> Required work
An exact copy of the data is required; the images should not appear in it.

> Source material

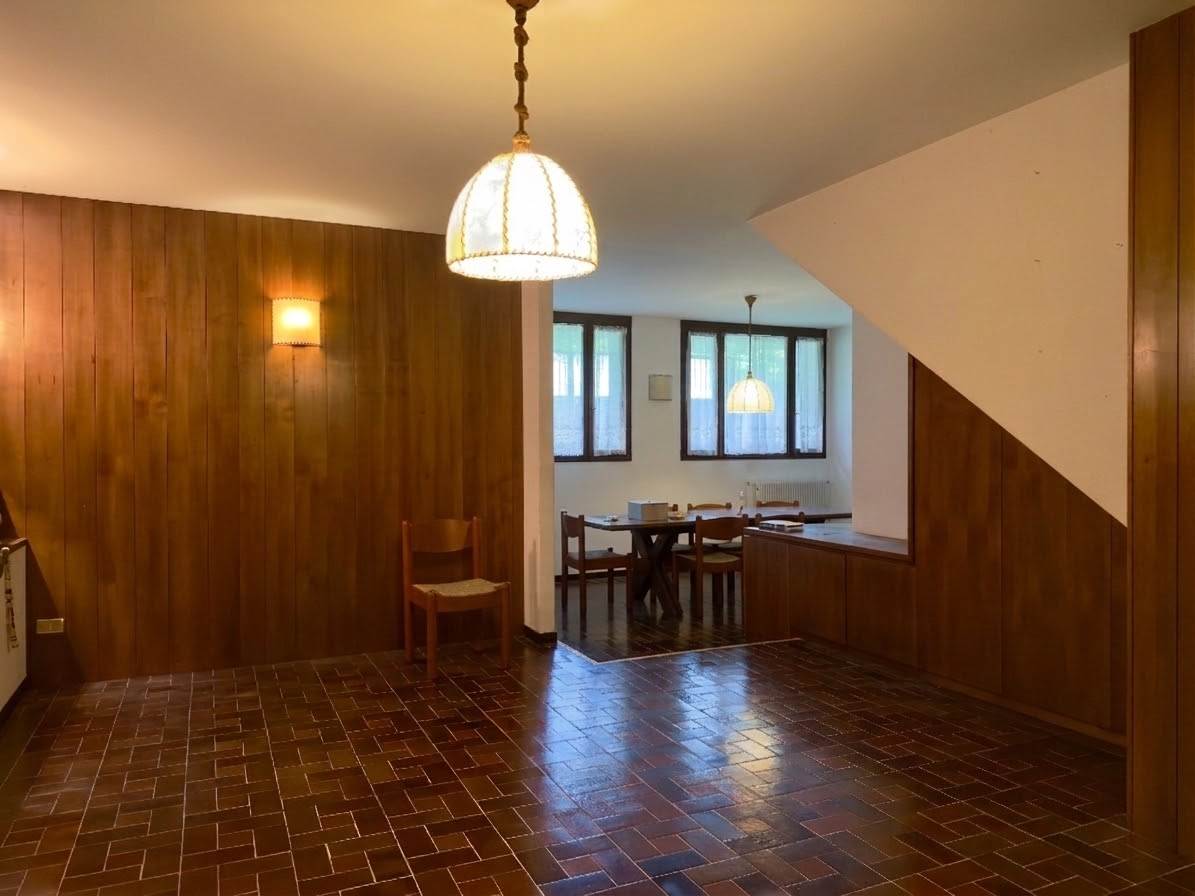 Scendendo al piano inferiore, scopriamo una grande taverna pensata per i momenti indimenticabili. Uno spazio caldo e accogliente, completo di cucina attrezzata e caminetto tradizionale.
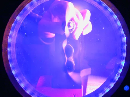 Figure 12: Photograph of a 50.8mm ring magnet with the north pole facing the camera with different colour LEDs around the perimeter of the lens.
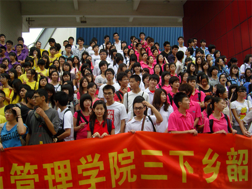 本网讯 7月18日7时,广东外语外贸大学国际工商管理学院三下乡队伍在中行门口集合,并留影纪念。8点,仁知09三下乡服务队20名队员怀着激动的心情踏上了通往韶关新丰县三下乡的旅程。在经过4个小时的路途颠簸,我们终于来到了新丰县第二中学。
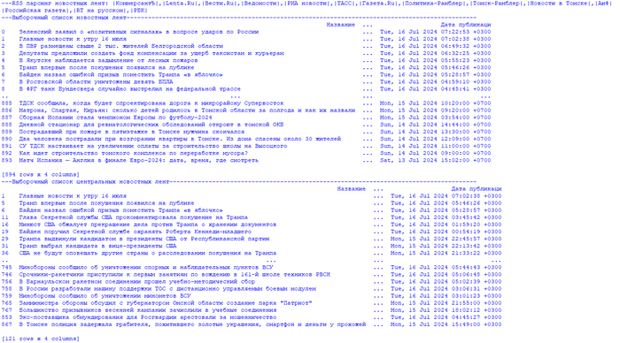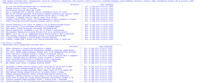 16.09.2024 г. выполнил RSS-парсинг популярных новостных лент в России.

> Exercise output
 Scendendo al piano inferiore, scopriamo una grande taverna pensata per i momenti indimenticabili. Uno spazio caldo e accogliente, completo di cucina attrezzata e caminetto tradizionale.
 Figure 12: Photograph of a 50.8mm ring magnet with the north pole facing the camera with different colour LEDs around the perimeter of the lens.
 本网讯 7月18日7时,广东外语外贸大学国际工商管理学院三下乡队伍在中行门口集合,并留影纪念。8点,仁知09三下乡服务队20名队员怀着激动的心情踏上了通往韶关新丰县三下乡的旅程。在经过4个小时的路途颠簸,我们终于来到了新丰县第二中学。
 16.09.2024 г. выполнил RSS-парсинг популярных новостных лент в России.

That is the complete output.